About this task:
Restate the entries word for word, leaving nothing out.

Records from a data collection
>>>>>

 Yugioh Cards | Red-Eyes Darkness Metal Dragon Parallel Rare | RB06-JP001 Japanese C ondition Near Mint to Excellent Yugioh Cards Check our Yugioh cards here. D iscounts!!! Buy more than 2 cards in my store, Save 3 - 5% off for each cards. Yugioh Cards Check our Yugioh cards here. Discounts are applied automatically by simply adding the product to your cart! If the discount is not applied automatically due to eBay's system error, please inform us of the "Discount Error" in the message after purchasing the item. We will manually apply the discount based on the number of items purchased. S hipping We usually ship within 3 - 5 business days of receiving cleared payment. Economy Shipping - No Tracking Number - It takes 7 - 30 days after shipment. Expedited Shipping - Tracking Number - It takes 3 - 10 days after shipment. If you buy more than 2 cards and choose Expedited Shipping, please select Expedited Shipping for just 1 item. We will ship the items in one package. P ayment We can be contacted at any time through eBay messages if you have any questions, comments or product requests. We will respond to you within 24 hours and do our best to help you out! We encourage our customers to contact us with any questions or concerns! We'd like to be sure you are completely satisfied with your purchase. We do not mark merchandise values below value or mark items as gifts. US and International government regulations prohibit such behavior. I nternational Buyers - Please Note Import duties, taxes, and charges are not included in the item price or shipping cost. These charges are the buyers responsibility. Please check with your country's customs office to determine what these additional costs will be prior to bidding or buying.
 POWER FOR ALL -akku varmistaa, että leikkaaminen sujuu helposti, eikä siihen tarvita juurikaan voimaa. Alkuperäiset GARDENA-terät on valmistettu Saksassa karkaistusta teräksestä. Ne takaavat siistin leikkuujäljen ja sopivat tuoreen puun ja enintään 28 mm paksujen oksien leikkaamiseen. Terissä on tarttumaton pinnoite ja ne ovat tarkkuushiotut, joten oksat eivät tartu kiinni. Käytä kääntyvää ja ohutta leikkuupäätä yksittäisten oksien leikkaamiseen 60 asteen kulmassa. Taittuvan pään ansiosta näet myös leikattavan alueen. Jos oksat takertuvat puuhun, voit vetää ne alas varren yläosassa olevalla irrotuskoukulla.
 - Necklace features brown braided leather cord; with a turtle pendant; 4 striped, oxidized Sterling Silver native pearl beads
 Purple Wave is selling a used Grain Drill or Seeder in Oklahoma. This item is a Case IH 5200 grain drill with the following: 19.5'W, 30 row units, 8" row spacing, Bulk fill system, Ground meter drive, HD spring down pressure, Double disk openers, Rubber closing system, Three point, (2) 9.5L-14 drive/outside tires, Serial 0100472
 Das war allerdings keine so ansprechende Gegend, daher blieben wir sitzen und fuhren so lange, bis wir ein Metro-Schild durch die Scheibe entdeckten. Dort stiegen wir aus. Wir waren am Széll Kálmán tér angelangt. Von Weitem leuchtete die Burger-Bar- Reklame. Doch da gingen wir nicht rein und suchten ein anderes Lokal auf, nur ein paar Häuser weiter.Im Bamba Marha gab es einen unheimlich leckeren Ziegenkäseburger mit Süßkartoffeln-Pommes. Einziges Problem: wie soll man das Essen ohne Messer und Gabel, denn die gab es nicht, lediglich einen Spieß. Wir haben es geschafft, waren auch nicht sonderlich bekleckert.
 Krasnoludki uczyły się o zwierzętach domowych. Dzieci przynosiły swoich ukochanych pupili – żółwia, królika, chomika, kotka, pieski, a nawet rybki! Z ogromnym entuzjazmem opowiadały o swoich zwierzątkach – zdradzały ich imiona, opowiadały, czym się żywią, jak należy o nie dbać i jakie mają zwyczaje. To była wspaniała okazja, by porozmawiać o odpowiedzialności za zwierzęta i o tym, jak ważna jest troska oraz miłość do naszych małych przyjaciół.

<<<<<

The completed task:
 Yugioh Cards | Red-Eyes Darkness Metal Dragon Parallel Rare | RB06-JP001 Japanese C ondition Near Mint to Excellent Yugioh Cards Check our Yugioh cards here. D iscounts!!! Buy more than 2 cards in my store, Save 3 - 5% off for each cards. Yugioh Cards Check our Yugioh cards here. Discounts are applied automatically by simply adding the product to your cart! If the discount is not applied automatically due to eBay's system error, please inform us of the "Discount Error" in the message after purchasing the item. We will manually apply the discount based on the number of items purchased. S hipping We usually ship within 3 - 5 business days of receiving cleared payment. Economy Shipping - No Tracking Number - It takes 7 - 30 days after shipment. Expedited Shipping - Tracking Number - It takes 3 - 10 days after shipment. If you buy more than 2 cards and choose Expedited Shipping, please select Expedited Shipping for just 1 item. We will ship the items in one package. P ayment We can be contacted at any time through eBay messages if you have any questions, comments or product requests. We will respond to you within 24 hours and do our best to help you out! We encourage our customers to contact us with any questions or concerns! We'd like to be sure you are completely satisfied with your purchase. We do not mark merchandise values below value or mark items as gifts. US and International government regulations prohibit such behavior. I nternational Buyers - Please Note Import duties, taxes, and charges are not included in the item price or shipping cost. These charges are the buyers responsibility. Please check with your country's customs office to determine what these additional costs will be prior to bidding or buying.
 POWER FOR ALL -akku varmistaa, että leikkaaminen sujuu helposti, eikä siihen tarvita juurikaan voimaa. Alkuperäiset GARDENA-terät on valmistettu Saksassa karkaistusta teräksestä. Ne takaavat siistin leikkuujäljen ja sopivat tuoreen puun ja enintään 28 mm paksujen oksien leikkaamiseen. Terissä on tarttumaton pinnoite ja ne ovat tarkkuushiotut, joten oksat eivät tartu kiinni. Käytä kääntyvää ja ohutta leikkuupäätä yksittäisten oksien leikkaamiseen 60 asteen kulmassa. Taittuvan pään ansiosta näet myös leikattavan alueen. Jos oksat takertuvat puuhun, voit vetää ne alas varren yläosassa olevalla irrotuskoukulla.
 - Necklace features brown braided leather cord; with a turtle pendant; 4 striped, oxidized Sterling Silver native pearl beads
 Purple Wave is selling a used Grain Drill or Seeder in Oklahoma. This item is a Case IH 5200 grain drill with the following: 19.5'W, 30 row units, 8" row spacing, Bulk fill system, Ground meter drive, HD spring down pressure, Double disk openers, Rubber closing system, Three point, (2) 9.5L-14 drive/outside tires, Serial 0100472
 Das war allerdings keine so ansprechende Gegend, daher blieben wir sitzen und fuhren so lange, bis wir ein Metro-Schild durch die Scheibe entdeckten. Dort stiegen wir aus. Wir waren am Széll Kálmán tér angelangt. Von Weitem leuchtete die Burger-Bar- Reklame. Doch da gingen wir nicht rein und suchten ein anderes Lokal auf, nur ein paar Häuser weiter.Im Bamba Marha gab es einen unheimlich leckeren Ziegenkäseburger mit Süßkartoffeln-Pommes. Einziges Problem: wie soll man das Essen ohne Messer und Gabel, denn die gab es nicht, lediglich einen Spieß. Wir haben es geschafft, waren auch nicht sonderlich bekleckert.
 Krasnoludki uczyły się o zwierzętach domowych. Dzieci przynosiły swoich ukochanych pupili – żółwia, królika, chomika, kotka, pieski, a nawet rybki! Z ogromnym entuzjazmem opowiadały o swoich zwierzątkach – zdradzały ich imiona, opowiadały, czym się żywią, jak należy o nie dbać i jakie mają zwyczaje. To była wspaniała okazja, by porozmawiać o odpowiedzialności za zwierzęta i o tym, jak ważna jest troska oraz miłość do naszych małych przyjaciół.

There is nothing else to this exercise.